[DATA EXCERPTS Boundary: Start]
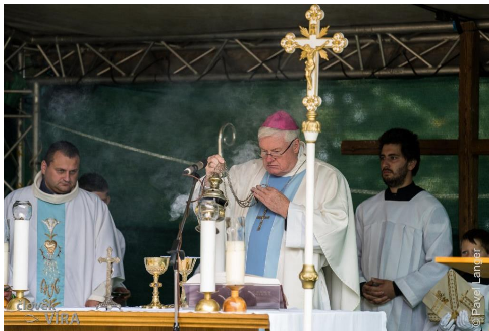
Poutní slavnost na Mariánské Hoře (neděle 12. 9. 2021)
[DATA EXCERPTS Boundary: End]
[DATA EXCERPTS Boundary: Start]
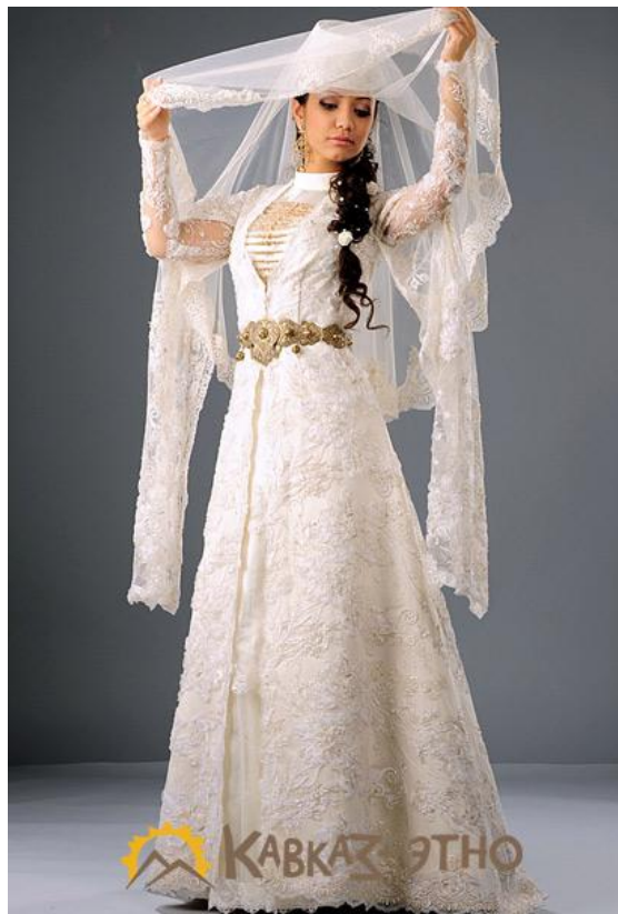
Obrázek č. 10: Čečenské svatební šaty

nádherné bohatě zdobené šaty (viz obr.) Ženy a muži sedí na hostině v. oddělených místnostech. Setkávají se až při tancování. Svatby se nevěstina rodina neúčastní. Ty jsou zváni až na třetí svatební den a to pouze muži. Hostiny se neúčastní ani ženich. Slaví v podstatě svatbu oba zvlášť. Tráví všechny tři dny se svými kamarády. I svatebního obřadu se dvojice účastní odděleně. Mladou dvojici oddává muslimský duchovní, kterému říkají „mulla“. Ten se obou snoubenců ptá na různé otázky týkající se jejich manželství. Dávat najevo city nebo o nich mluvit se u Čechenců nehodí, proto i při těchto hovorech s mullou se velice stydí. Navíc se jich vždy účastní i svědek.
[DATA EXCERPTS Boundary: End]
### TASK DESCRIPTION
Could you copy out every line in the material above that contains the string "šaty"?

### TASK ANSWER
Obrázek č. 10: Čečenské svatební šaty
nádherné bohatě zdobené šaty (viz obr.) Ženy a muži sedí na hostině v. oddělených místnostech. Setkávají se až při tancování. Svatby se nevěstina rodina neúčastní. Ty jsou zváni až na třetí svatební den a to pouze muži. Hostiny se neúčastní ani ženich. Slaví v podstatě svatbu oba zvlášť. Tráví všechny tři dny se svými kamarády. I svatebního obřadu se dvojice účastní odděleně. Mladou dvojici oddává muslimský duchovní, kterému říkají „mulla“. Ten se obou snoubenců ptá na různé otázky týkající se jejich manželství. Dávat najevo city nebo o nich mluvit se u Čechenců nehodí, proto i při těchto hovorech s mullou se velice stydí. Navíc se jich vždy účastní i svědek.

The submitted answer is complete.